• Problem to solve
Each line of the records must appear in your answer exactly, with no pictures.

• Data for the task
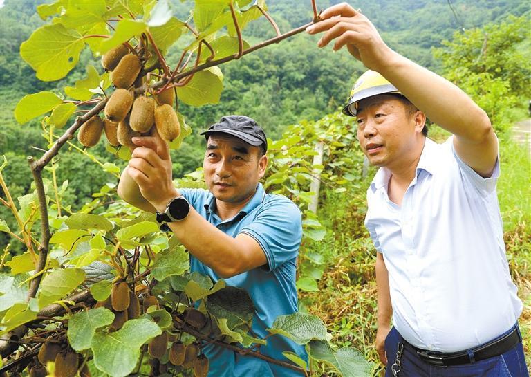 嵐皋縣高級農(nóng)藝師謝利華(左)在指導(dǎo)村民進行獼猴桃管護(資料照片)。受訪者供圖
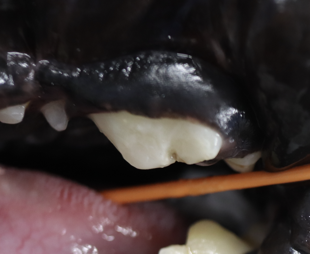 日頃硬いものを噛む習慣があるワンちゃんは第四前臼歯(奥歯)が非常に折れやすいため、毎日の確認がとても大切です。
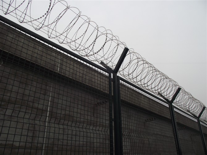 鋼網(wǎng)墻刀刺網(wǎng)由于其高墻的防攀爬效果正在更多的被人們應用到監(jiān)獄系統(tǒng),在安裝過程中一定要注意刀刺的鋒利性,穿戴防護措施以避免被刀刺劃傷
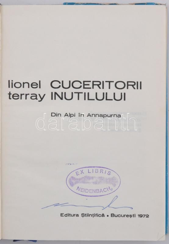 Terray, Lionel: Cuceritorii inutilului. Din Alpi în Annapurna. Bukares... https://www.darabanth.com/en/262-Online-auction/262.0/Books/Books-Mountaineering-and-winter-sports~23/Terray-Lionel-Cuceritorii-inutilului-Din-Alpi-C3AEn-Annapurna-Bukarest-1972-Editura-C59EtiinC5A3ific~II1279457
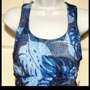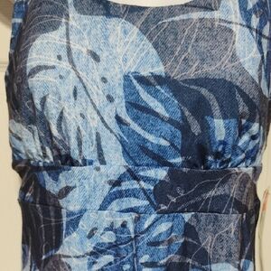 Vibrant blue 🌿 pattern dress by Zeroxposur. Gorgeous colors of. lie in all different hues. Ideal for everyday wear or anytime. has a razorback style that. criss crosses in back. Has removable padded cups in breast area. which is great to give you that hour glass figure. size small. made from polyester and spandex gives that nice stretch measurements are approximately lying flat pit to pit 16 to 17" total length from top of shoulder down 36". brand new With tags.

• Solution to this problem
 嵐皋縣高級農(nóng)藝師謝利華(左)在指導(dǎo)村民進行獼猴桃管護(資料照片)。受訪者供圖
 日頃硬いものを噛む習慣があるワンちゃんは第四前臼歯(奥歯)が非常に折れやすいため、毎日の確認がとても大切です。
 鋼網(wǎng)墻刀刺網(wǎng)由于其高墻的防攀爬效果正在更多的被人們應用到監(jiān)獄系統(tǒng),在安裝過程中一定要注意刀刺的鋒利性,穿戴防護措施以避免被刀刺劃傷
 Terray, Lionel: Cuceritorii inutilului. Din Alpi în Annapurna. Bukares... https://www.darabanth.com/en/262-Online-auction/262.0/Books/Books-Mountaineering-and-winter-sports~23/Terray-Lionel-Cuceritorii-inutilului-Din-Alpi-C3AEn-Annapurna-Bukarest-1972-Editura-C59EtiinC5A3ific~II1279457
 Vibrant blue 🌿 pattern dress by Zeroxposur. Gorgeous colors of. lie in all different hues. Ideal for everyday wear or anytime. has a razorback style that. criss crosses in back. Has removable padded cups in breast area. which is great to give you that hour glass figure. size small. made from polyester and spandex gives that nice stretch measurements are approximately lying flat pit to pit 16 to 17" total length from top of shoulder down 36". brand new With tags.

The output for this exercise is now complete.